Harris’ ‘Total Commitment’ to Campaign Short About $7 Million

Short change: The “Miami Herald” reports today that Fla. Rep. Katherine Harris did not make good on her promise to place her entire personal fortune of $10 million into her lagging campaign for U.S. Senate. Harris, who is trailing Sen. Bill Nelson by double digits and whose campaign has seen a mass exodus of staffers in the past week, only deposited $3 million into her campaign account.

Harris’ smaller-than-expected investment could further hurt her credibility, already damaged by a staff mutiny, tepid support from leaders of her own party and shifting explanations about her campaign finances.

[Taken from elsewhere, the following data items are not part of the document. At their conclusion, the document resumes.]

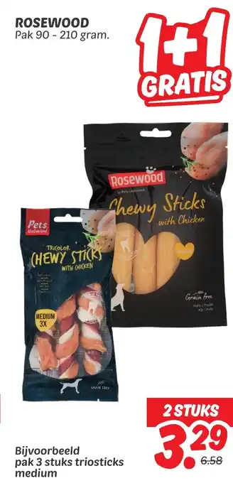 Rosewood Chewy Sticks met Kip 1+1 GRATIS
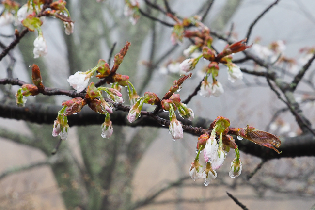 The cherry blossoms in this area typically open first so are usually the most advanced on the mountain. This year they opened on April 1st and were reported to reach full bloom yesterday. Though when I first saw the trees I thought that the petals were already beginning to fall, I think that can be attributed to the rainy weather as it is still a little too early for the petals to be dropping and I'd fully expect it to remain nice on the mountain through the week.
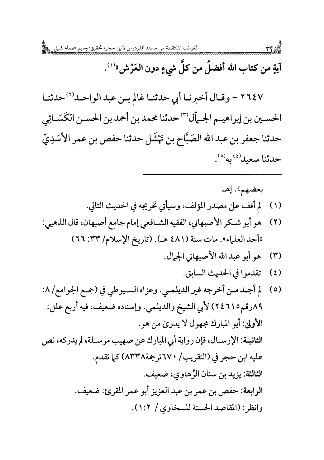 ٢٦٤٧ - وقال أخبرنا أبي حدثنا غالم بن عبد الواحد (¬٢) حدثنا الحسين بن إبراهيم الجماّل (¬٣) حدثنا محمد بن أحمد بن الحسن الكَسَائِي حدثنا جعفر بن عبد الله الصَبَّاح بن نَهْشَل حدثنا حفص بن عمر الأسَدِيّ حدثنا سعيد (¬٤) به (¬٥).

Last month, she said on television that the $10 million would come from an inheritance from her late father. Days later, after persistent questions from reporters, she said the money would come from selling off her own assets.

Harris’ new campaign spokesman, Chris Ingram, said Harris will invest $10 million by Election Day.

”The plan is still the same,” Ingram said. “You start with the foundation, and then you put up the walls and the roof.”

‘If the $3 million is a down payment toward $10 million, she’s like any other good investor’
— Kellyanne Conway

Sounds more like she’s holding out, waiting to see if the Republican Party is going to stop picking on her and start supporting her. After all, why shoot the moon on a horse that might not even finish the race?

Republican pollster Kellyanne Conway said the party needs to stop questioning Harris and rally around their presumptive nominee.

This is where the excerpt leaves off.